[Directions for this task]: Reproduce the listing below exactly, beginning with its first line and ending with the line that holds "GAMBAR 3. WAWANCARA"; pictures are not part of the copy.

⟨

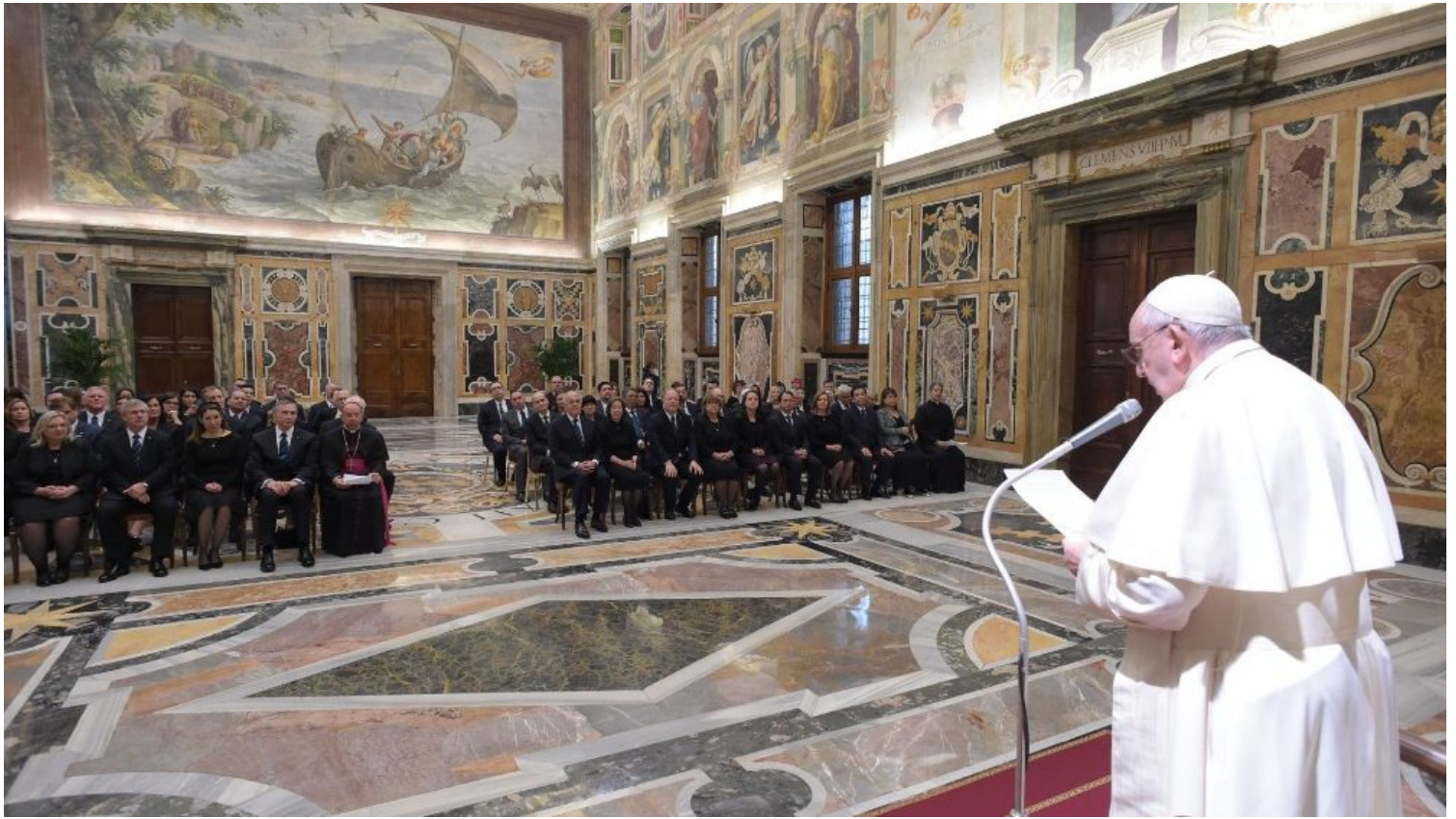
Udienza del Papa ai Cavalieri di Colombo
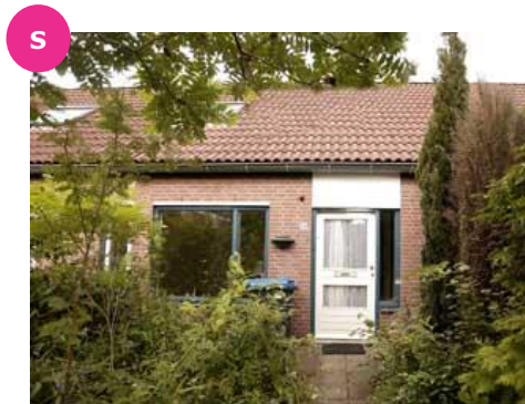
Borneostraat 20 t/m 26
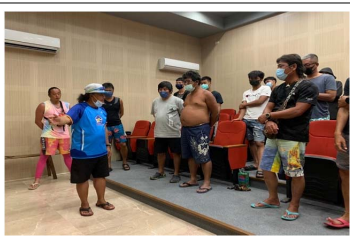
體育署救生員班-基本救命術
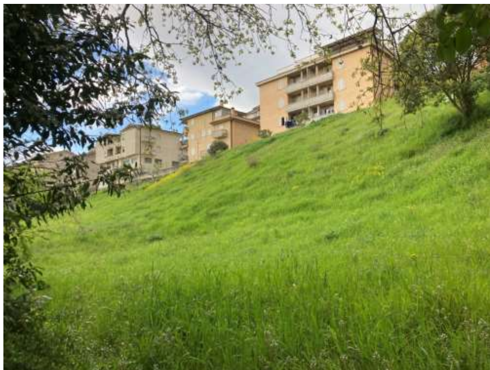
10. Vista da valle in corrispondenza dell’accesso
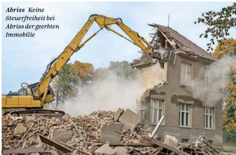
Abriss Keine Steuerfreiheit bei Abriss der geerbten Immobilie
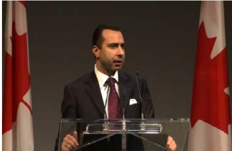
■沙菲在影片《自由战士》首演式上演讲

（明慧记者加拿大报道）二零一一年三月二十七日，“同一个自由世界”国际组织（One Free World International）在加拿大多伦多举行纪录片《自由战士》（Freedom Fighter）首演式。影片展示了宗教信仰在世界上受到迫害的情况，其中包括了仍在中国发生的针对法轮功的迫害。当天有数千人分两场观看了这部纪录片。
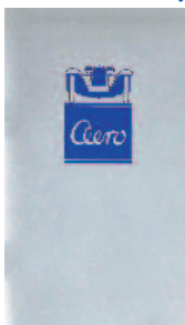
1-500- 3* 1931 10 Prospekt AERO 500,662 (ČESKY oder deutsch)
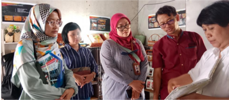
GAMBAR 3. WAWANCARA DAN OBSERVASI, MITRA SEDANG MENJELASKAN PRODUK DAN MEDIA PROMOSI YANG TELAH DILAKUKAN.
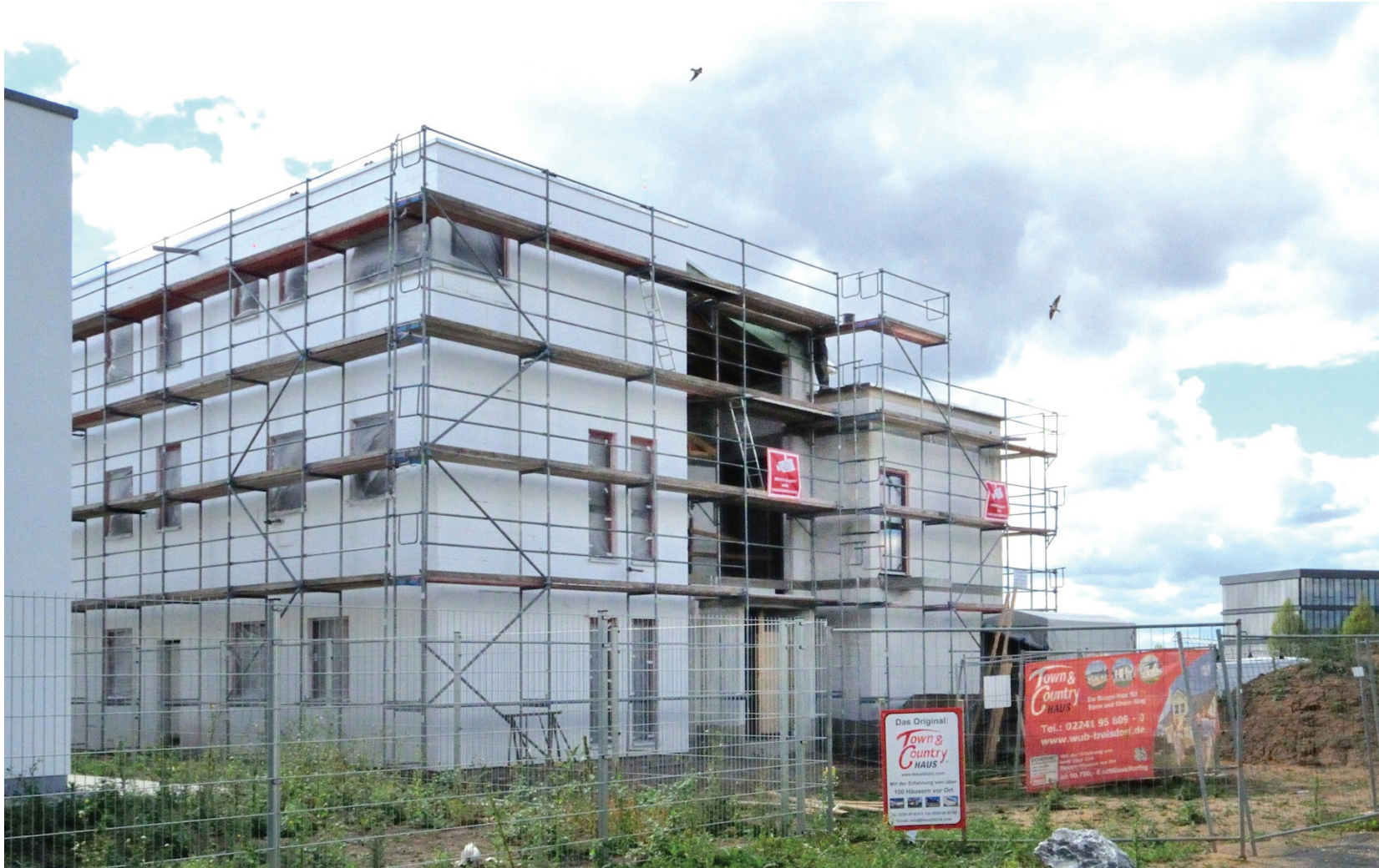
Junkersring 25, Bürogebäude im Bau (Firma Town & Country)

⟩

[Solution to the problem]:
Udienza del Papa ai Cavalieri di Colombo
Borneostraat 20 t/m 26
體育署救生員班-基本救命術
10. Vista da valle in corrispondenza dell’accesso
Abriss Keine Steuerfreiheit bei Abriss der geerbten Immobilie
■沙菲在影片《自由战士》首演式上演讲

（明慧记者加拿大报道）二零一一年三月二十七日，“同一个自由世界”国际组织（One Free World International）在加拿大多伦多举行纪录片《自由战士》（Freedom Fighter）首演式。影片展示了宗教信仰在世界上受到迫害的情况，其中包括了仍在中国发生的针对法轮功的迫害。当天有数千人分两场观看了这部纪录片。
1-500- 3* 1931 10 Prospekt AERO 500,662 (ČESKY oder deutsch)
GAMBAR 3. WAWANCARA DAN OBSERVASI, MITRA SEDANG MENJELASKAN PRODUK DAN MEDIA PROMOSI YANG TELAH DILAKUKAN.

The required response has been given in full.